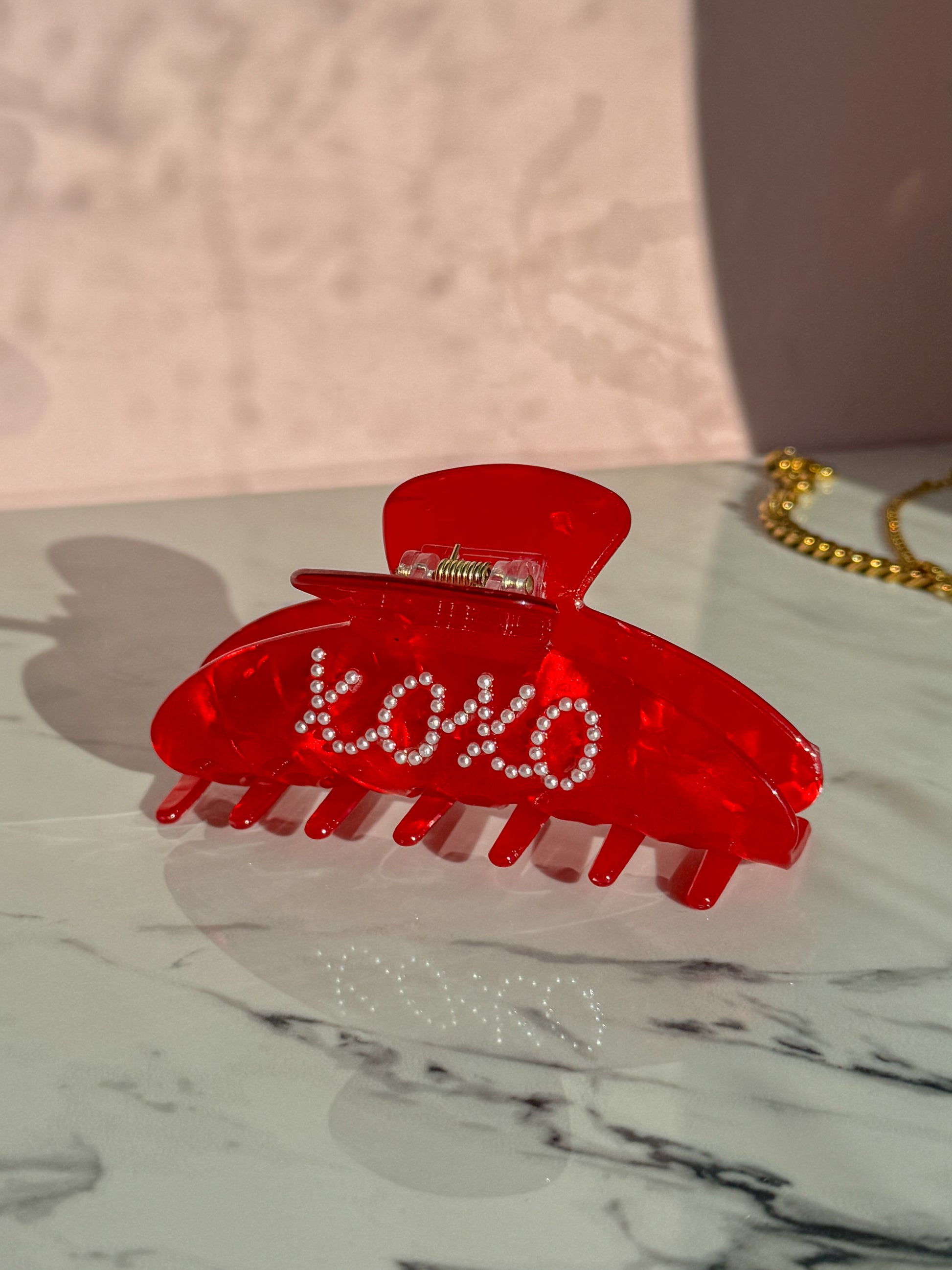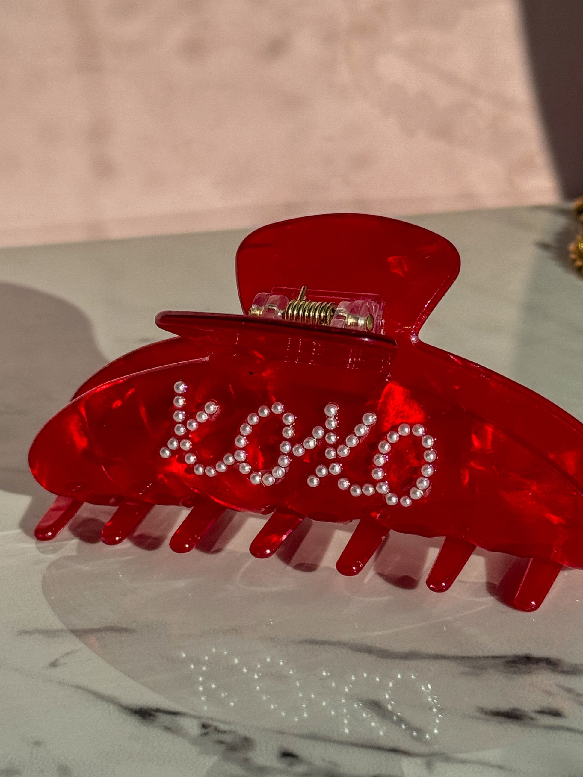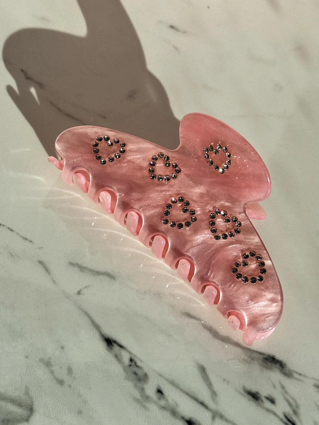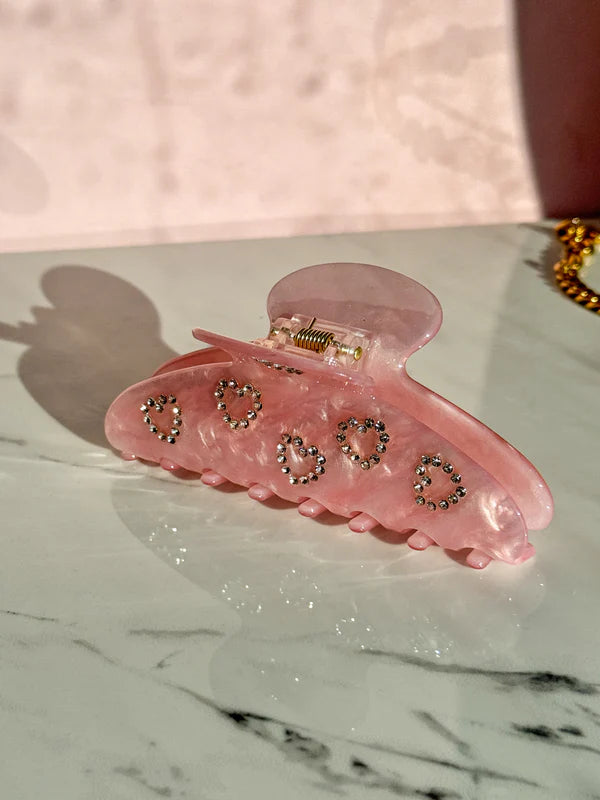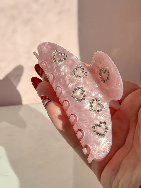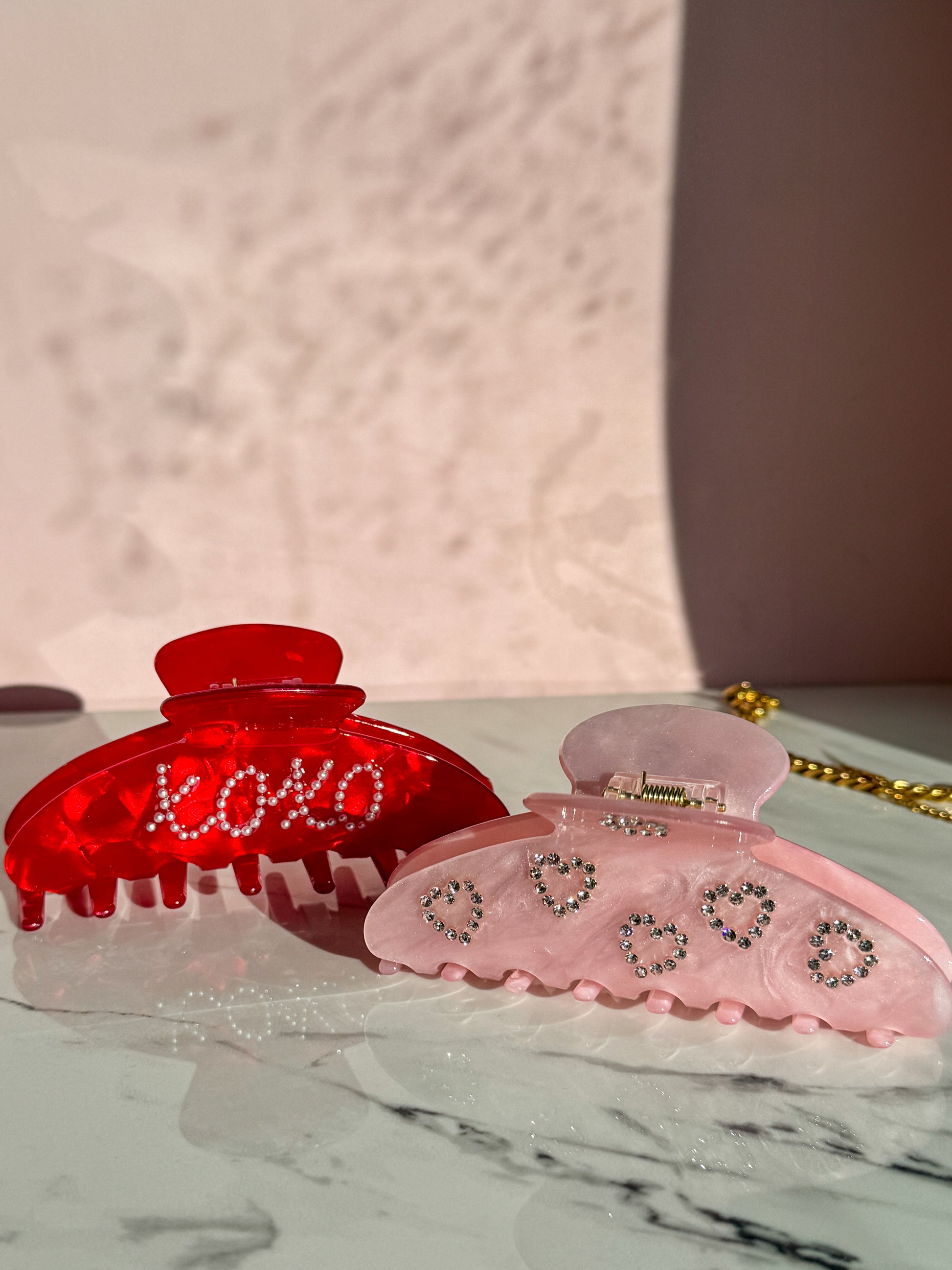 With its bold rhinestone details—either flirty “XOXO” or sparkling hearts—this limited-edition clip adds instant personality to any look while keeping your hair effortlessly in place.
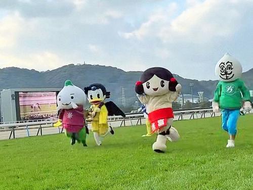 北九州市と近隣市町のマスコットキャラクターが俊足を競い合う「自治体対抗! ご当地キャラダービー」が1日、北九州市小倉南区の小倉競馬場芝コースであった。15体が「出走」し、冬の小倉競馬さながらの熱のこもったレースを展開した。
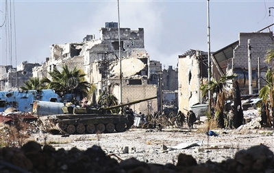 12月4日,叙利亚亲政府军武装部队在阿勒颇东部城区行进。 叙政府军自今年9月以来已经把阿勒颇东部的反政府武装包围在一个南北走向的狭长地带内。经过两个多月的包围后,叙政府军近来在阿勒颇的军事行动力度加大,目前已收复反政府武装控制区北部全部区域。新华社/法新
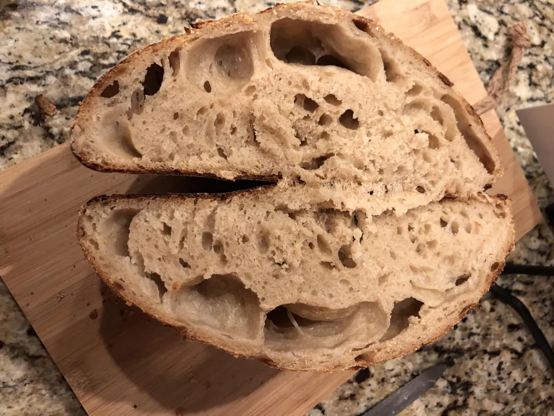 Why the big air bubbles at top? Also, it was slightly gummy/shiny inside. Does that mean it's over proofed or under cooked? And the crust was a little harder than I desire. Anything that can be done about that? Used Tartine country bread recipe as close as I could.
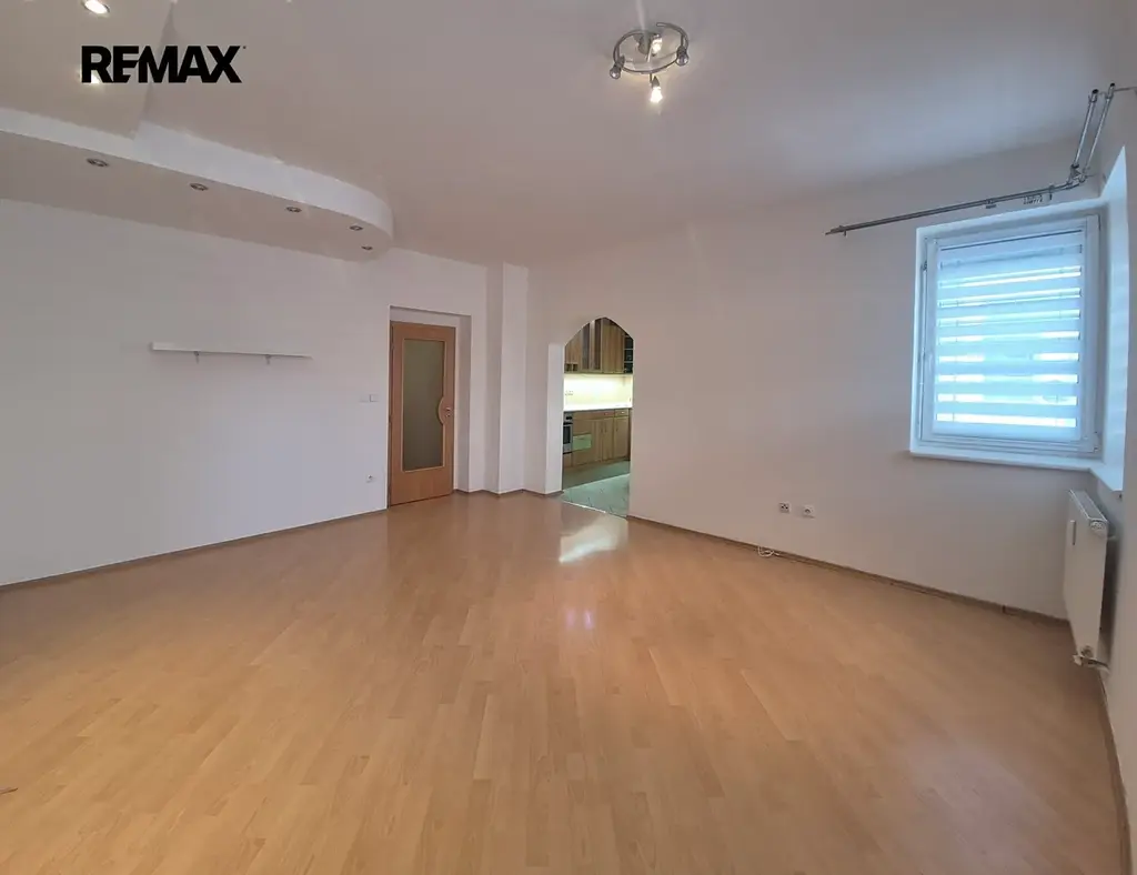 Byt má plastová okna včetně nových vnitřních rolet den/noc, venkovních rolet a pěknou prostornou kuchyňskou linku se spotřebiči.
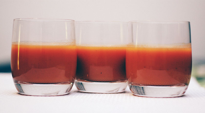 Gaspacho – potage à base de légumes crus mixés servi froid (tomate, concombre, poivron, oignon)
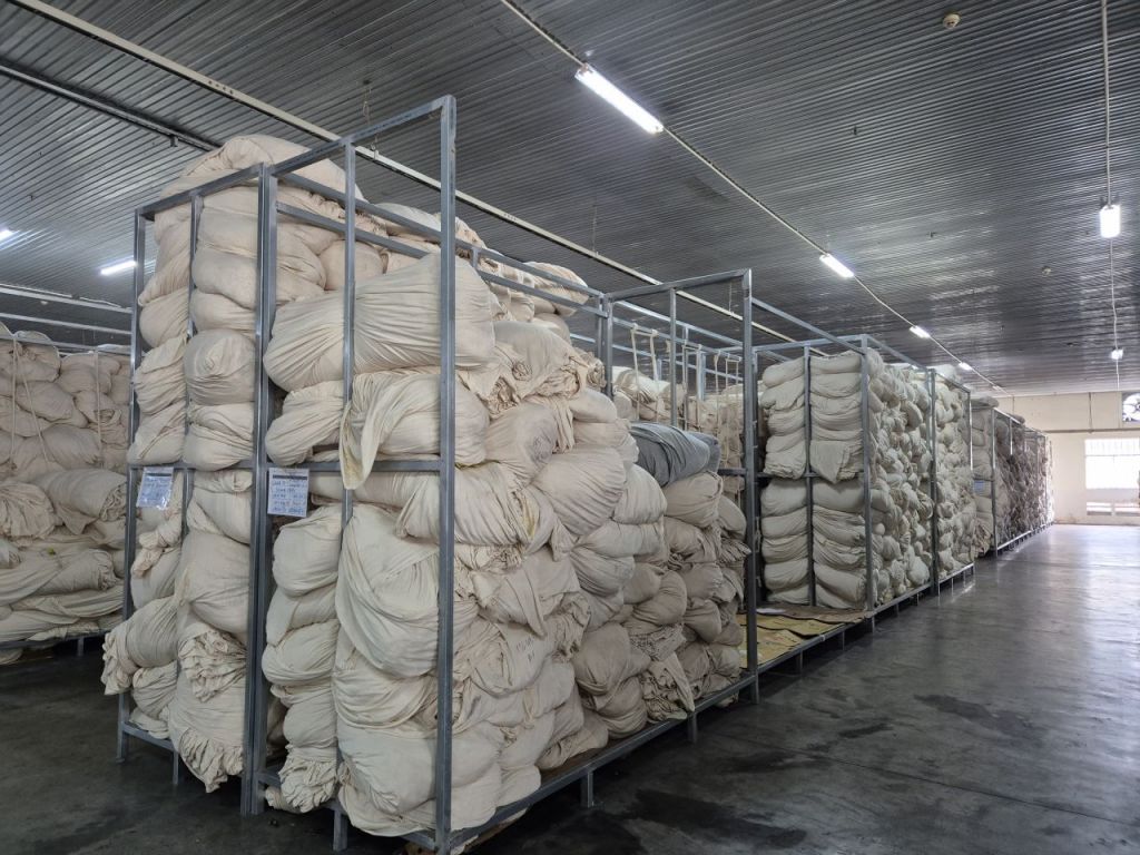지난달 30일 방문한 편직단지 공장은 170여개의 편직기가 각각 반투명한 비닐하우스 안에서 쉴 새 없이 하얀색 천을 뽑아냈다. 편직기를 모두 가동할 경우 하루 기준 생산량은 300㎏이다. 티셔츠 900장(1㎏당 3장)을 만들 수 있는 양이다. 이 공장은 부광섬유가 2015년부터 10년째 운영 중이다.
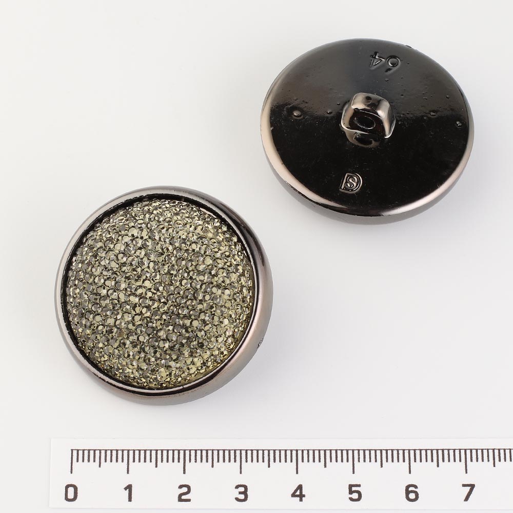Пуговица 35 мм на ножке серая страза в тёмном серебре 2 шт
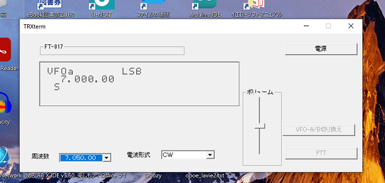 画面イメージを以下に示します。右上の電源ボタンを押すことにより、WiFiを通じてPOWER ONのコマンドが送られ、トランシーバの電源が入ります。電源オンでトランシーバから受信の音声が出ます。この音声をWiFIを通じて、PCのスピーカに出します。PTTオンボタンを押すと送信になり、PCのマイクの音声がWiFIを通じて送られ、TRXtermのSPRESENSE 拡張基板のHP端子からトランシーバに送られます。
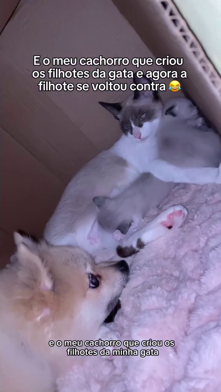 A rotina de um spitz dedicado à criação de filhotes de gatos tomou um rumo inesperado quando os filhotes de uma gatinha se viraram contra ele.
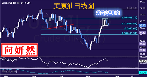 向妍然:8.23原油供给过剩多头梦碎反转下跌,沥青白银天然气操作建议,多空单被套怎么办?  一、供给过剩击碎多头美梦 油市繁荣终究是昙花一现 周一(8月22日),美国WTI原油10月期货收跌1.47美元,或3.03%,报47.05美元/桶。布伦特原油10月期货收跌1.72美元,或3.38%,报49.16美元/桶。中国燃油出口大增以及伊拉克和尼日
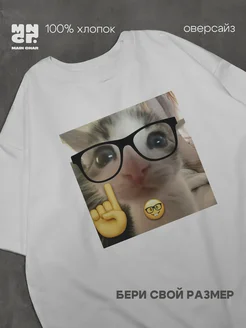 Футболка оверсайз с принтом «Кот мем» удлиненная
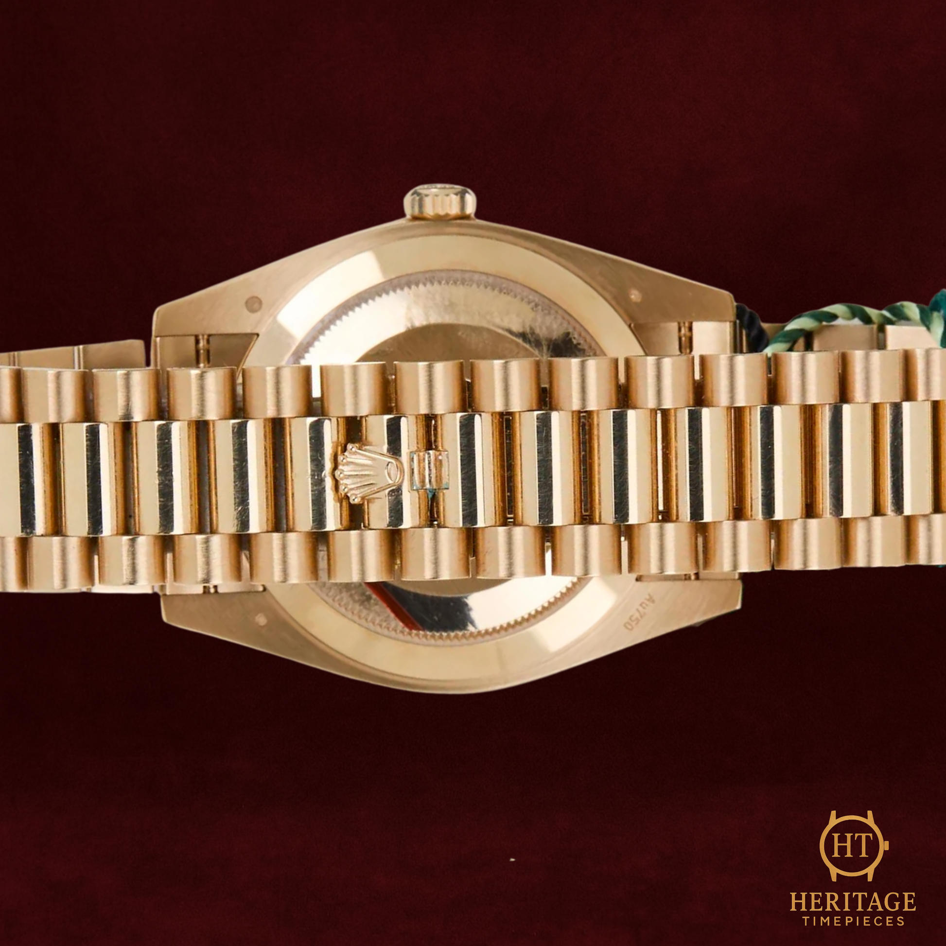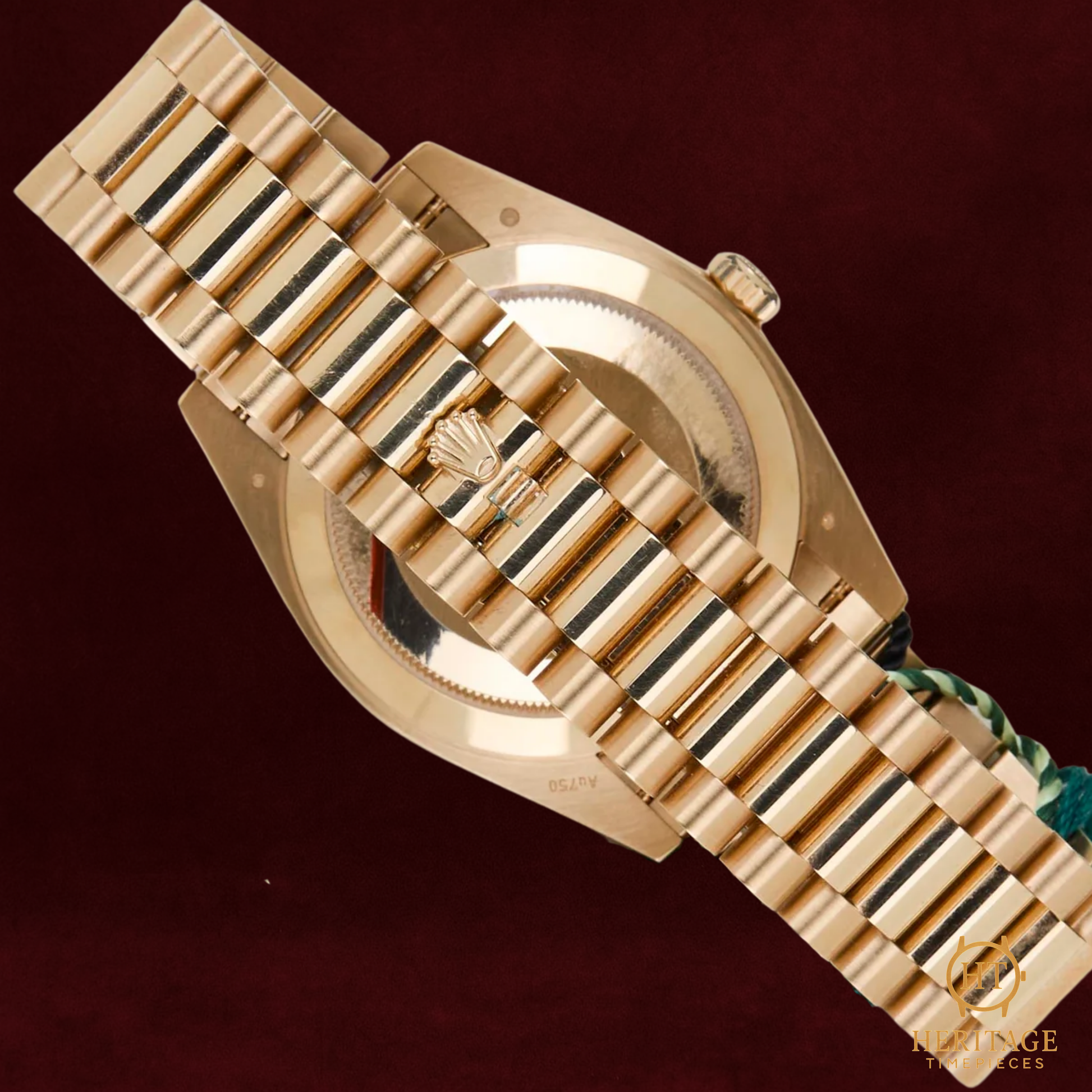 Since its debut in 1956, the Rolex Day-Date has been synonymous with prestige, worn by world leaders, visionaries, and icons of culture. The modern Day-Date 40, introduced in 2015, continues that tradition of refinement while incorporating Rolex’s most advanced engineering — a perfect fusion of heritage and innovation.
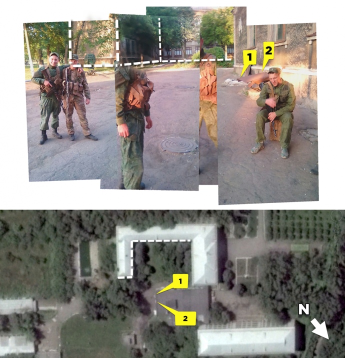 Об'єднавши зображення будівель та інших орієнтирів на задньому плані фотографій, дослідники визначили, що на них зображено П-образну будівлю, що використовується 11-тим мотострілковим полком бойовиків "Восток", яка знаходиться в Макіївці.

§ Work item
Please retype exactly the lines from the one containing "A rotina de" to the last line of the records above, both included, without any pictures.

§ Written response
 A rotina de um spitz dedicado à criação de filhotes de gatos tomou um rumo inesperado quando os filhotes de uma gatinha se viraram contra ele.
 向妍然:8.23原油供给过剩多头梦碎反转下跌,沥青白银天然气操作建议,多空单被套怎么办?  一、供给过剩击碎多头美梦 油市繁荣终究是昙花一现 周一(8月22日),美国WTI原油10月期货收跌1.47美元,或3.03%,报47.05美元/桶。布伦特原油10月期货收跌1.72美元,或3.38%,报49.16美元/桶。中国燃油出口大增以及伊拉克和尼日
 Футболка оверсайз с принтом «Кот мем» удлиненная
 Since its debut in 1956, the Rolex Day-Date has been synonymous with prestige, worn by world leaders, visionaries, and icons of culture. The modern Day-Date 40, introduced in 2015, continues that tradition of refinement while incorporating Rolex’s most advanced engineering — a perfect fusion of heritage and innovation.
 Об'єднавши зображення будівель та інших орієнтирів на задньому плані фотографій, дослідники визначили, що на них зображено П-образну будівлю, що використовується 11-тим мотострілковим полком бойовиків "Восток", яка знаходиться в Макіївці.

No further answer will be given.